Runners are all a little crazy

I've recently struggled with what makes someone a "runner" and I know my friends and family have certainly wondered what would ever motivate someone to willingly put themselves through so much pain, but I think I'm starting to find some answers. I started running seriously about three years go, mostly as a great stress reliever and way to stay in shape for the other sports I enjoy. Over these three years I've slowly acquired some nice running gear (thank you South Boston Running Emporium and REI) and began to talk the runner's lingo, but was still hesitant to ever call myself a "runner".  I have generally stayed away from races because in my mind they took something that was peaceful and relaxing (an evening run down by the beach after a stressful day at work) and turned it into something that consisted of a lot of pain during and after the race.  So why mix something relaxing with a race that will only bring out my strong competitive tendencies and result in lots of pain?

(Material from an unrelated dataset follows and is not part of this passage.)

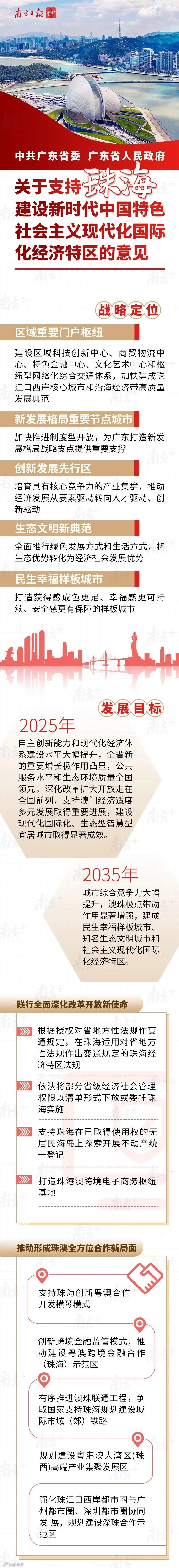 中共广东省委、广东省人民政府关于支持珠海建设新时代中国特色社会主义现代化国际化经济特区的意见
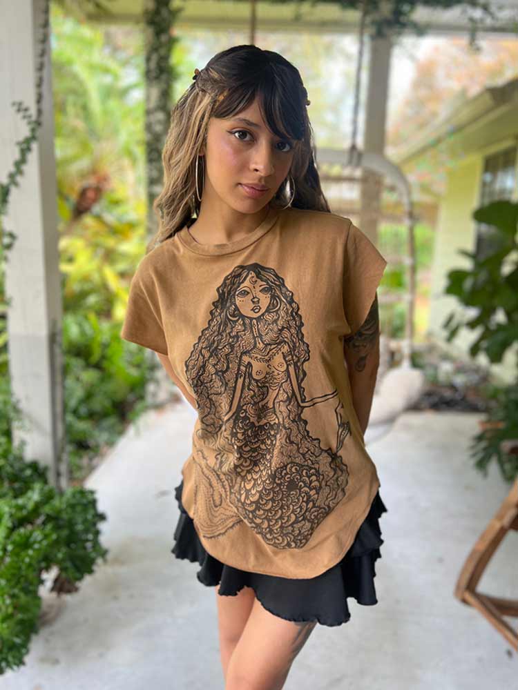 Meet Kezia, Migdalia’s hand-drawn mermaid brought to life with artistry and intention. Each shirt is screen printed by hand in small batches, so you’ll find subtle variations from piece to piece, making every tee as unique as Kezia herself. Crafted with care, this isn’t just a shirt—it’s a wearable piece of art made to stand out, whether you’re keeping it casual or going all out.

This weekend I participated in the NH Reach the Beach team running relay race.  Essentially, teams of 4-12 runners run 200 miles from the mountains of NH to the Atlantic Ocean in around 24 hours of non-stop running, a pretty crazy idea if you ask me.  My team of 12 had a great time running and did far better than anticipated (17th out of 138 teams in our division!), but for me this race was meaningful because of what I learned:  what it means to be a "runner" and that I now am willing to consider myself one.

Unlike other sports I enjoy that have periods of rest and those with max exertion, running a race requires constant physical and mental exertion and in most cases lots of pain.  Somewhere in my 2nd leg (~7 miles long), as I struggled through the pain of an injury I've been battling lately, I found myself finding even more from within to keep pushing myself harder to get that next "kill" (passing another runner).  This strength didn't come from my teammates, the scoreboard, or the desire to impress anybody, but rather from the sick enjoyment I get from pushing my body to new extremes to see what it is capable of doing.  Our bodies are unbelievable machines and I'm slowly realizing that if I take care of it I can push myself harder than I would have ever thought possible.  The rush I get from fulfilling this inner desire is what makes races enjoyable and the pain tolerable.  In my eyes it is what turns someone who simply enjoys running into a "runner".  It also makes me aware of the fact that every runner (myself now included) is a little bit crazy.